Page MenuHomePhabricator

ResourceLoader DepStore lock acquired twice?
Closed, ResolvedPublic

Description

In Logstash (Perf Team dashboard) most the messages are from failed attempts to acquire a Memcached lock (presumably due to TKOs and link saturation etc.)

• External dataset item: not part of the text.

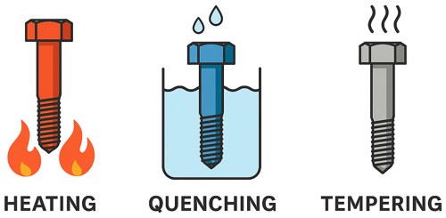 Heat treating a fastener is the process of heating and cooling it under controlled conditions to alter its internal structure and improve performance. By doing this, manufacturers can increase hardness, tensile strength, toughness, and resistance to wear or fatigue, ensuring the fastener can handle demanding applications without premature failure.

It's not very frequent, but whenever it happens, it logs the following twice for the same reqId/url:

reqId: XsA-pQpAEJkAAn5JFC8AAABM
2020-05-16T19:31:49 ERROR memcached mw1395
Memcached error for key "rl-deps:skins.minerva.base.styles|minerva|ne:lock" on server "127.0.0.1:11213": A TIMEOUT OCCURRED

2020-05-16T19:31:50 ERROR memcached mw1395
Memcached error for key "rl-deps:skins.minerva.base.styles|minerva|ne:lock" on server "127.0.0.1:11213": A TIMEOUT OCCURRED

This suggests it's attempting the lock twice, which seems contrary to what the code says. A bug perhaps?

Related Objects

StatusSubtypeAssignedTask
Resolvedaaron
ResolvedKrinkle
Resolvedaaron
Resolvedtstarling
Declinedaaron
Resolvedaaron
ResolvedEevans
Resolvedaaron
ResolvedKrinkle
ResolvedPapaul
Resolved Marostegui
Resolvedaaron
ResolvedKrinkle
Resolvedtstarling
Resolvedtstarling
ResolvedPRODUCTION ERRORjcrespo
Resolvedtstarling
Resolved Marostegui
Resolvedtstarling

Event Timeline

Krinkle triaged this task as Medium priority.Jun 15 2020, 11:27 PM
Krinkle moved this task from Inbox to Confirmed Problem on the MediaWiki-ResourceLoader board.

Searching for << +channel:memcached +message:/.*deps.*/ >> I still see this sometimes.

I see plenty of timeouts where the error is not logged twice. Those that happen twice seem to be about 200 ms apart.

Do we know from the code why the same load.php web request process would be entering that path twice?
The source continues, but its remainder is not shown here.